Iranian-French Anthropologist Fariba Adelkhah Released from Prison | Support for Fariba Adelkhah
Human Rights Casework
Last update February 15, 2023
Dr. Fariba Adelkhah was released from Evin Prison on the evening of February 10, 2023, more than three and a half years after her arrest. It is our understanding that she does not know whether all of her rights will be restored—including her right to travel—as her personal belongings, passport, and other identity papers have not been returned to her. Dr. Adelkhah reportedly must apply for new identity documents before she can request a new passport.
Dr. Adelkhah is director of research at the Institute of Political Studies’ (Sciences Po) Center for International Studies in Paris, where she is renowned for her scientific work on post-revolutionary Iranian society. A dual French and Iranian citizen, Dr. Adelkhah resides in France but has traveled to Iran often for her scholarly research as well as to visit her family. At the time of her arrest in early June 2019, she had been conducting field research for several months in Iran and Afghanistan. Her partner, Dr. Roland Marchal, also a senior social science researcher at Sciences Po and a scholar of conflict and state formation in sub-Saharan Africa, was taken into custody alongside Dr. Adelkhah, while visiting her in Iran. Both researchers were subsequently charged with alleged national security-related crimes. Dr. Adelkhah was additionally charged with espionage, for which she faced a possible death sentence; this charge was subsequently dropped. The reasons for the charges brought against the two researchers have never been disclosed. Dr. Marchal was released from prison in March 2020, after France released an Iranian engineer from detention in an apparent prisoner exchange. Dr. Adelkhah was brought to trial the following month before a Revolutionary Court. One month later, she was convicted and received a five-year sentence for “assembly and collusion against national security” and a one-year sentence for “propaganda against the state,” which were ordered to be served concurrently. Her conviction was subsequently upheld on appeal.

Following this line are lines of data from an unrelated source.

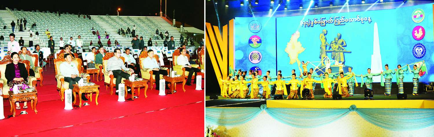 ထို့နောက် နိုင်ငံတော်စီမံအုပ်ချုပ်ရေးကောင်စီ ဒုတိယဥက္ကဋ္ဌ ဒုတိယဝန်ကြီးချုပ်သည် ၂၀၂၄ ခုနှစ် (၇၇) နှစ်မြောက် ပြည်ထောင်စုနေ့ဂုဏ်ပြုညစာစားပွဲ အခမ်းအနားအပြီးတွင် နေပြည်တော်မြို့တော်ခန်းမလဟာပြင် ကဇာတ်ရုံ၌ သီဆိုကပြဖျော်ဖြေတင်ဆက်ကြမည့် တိုင်းရင်းသား၊ တိုင်းရင်းသူများ၏ ဝတ်စုံပြည့်အစမ်းလေ့ကျင့် နေမှုများကို ကြည့်ရှုအားပေးပြီး အဆိုပါ ကပြဖျော်ဖြေကြသည့် အဖွဲ့များအား ဂုဏ်ပြုပန်းခြင်းများပေးအပ်ကာ ရင်းရင်းနှီးနှီးလိုက်လံနှုတ်ဆက်ကြသည်။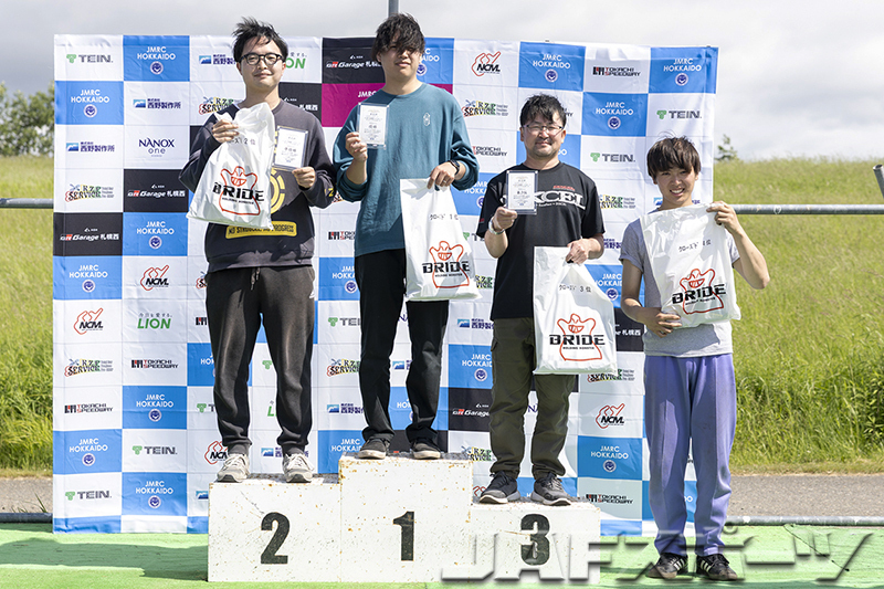 最終ゼッケンの向中野選手はプレッシャーからか、パイロンペナルティで沈んでタイムを更新できず。この結果、順位は小石選手が優勝、2位に小畑選手、3位に向中野選手となった。小石選手は、「タイヤをタテに使うようになってきたのが実を結びました。1本目は車速が速過ぎてサイドブレーキを引いてしまったのが予定外で、そこからリズムが崩れてしまいました。2本目は少しアンパイで走ったんですが、しっかりとタイムを残す走りに徹しました」と、今季初優勝の勝因を振り返った。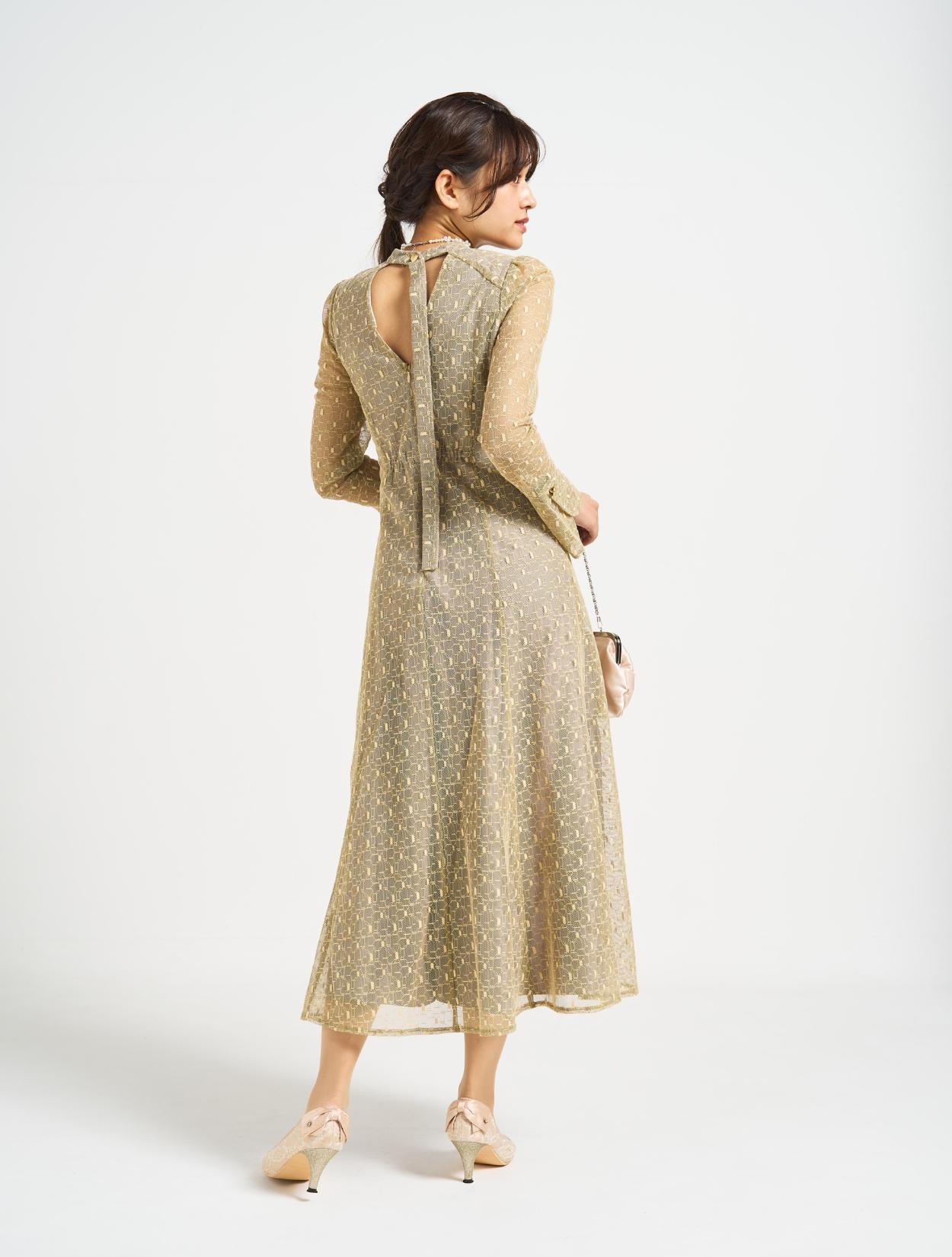 ■幾何学柄のチュールレースが珍しく、エレガントで上品な印象に!

Dr. Adelkhah was held under harsh conditions of confinement, leading her to undertake a 49-day hunger strike in late 2019 that resulted in severe kidney damage. In late 2020, she was temporarily transferred to house arrest for approximately a year, reportedly for health reasons. Throughout her imprisonment, Dr. Adelkhah was denied French consular assistance as Iran does not recognize her dual citizenship.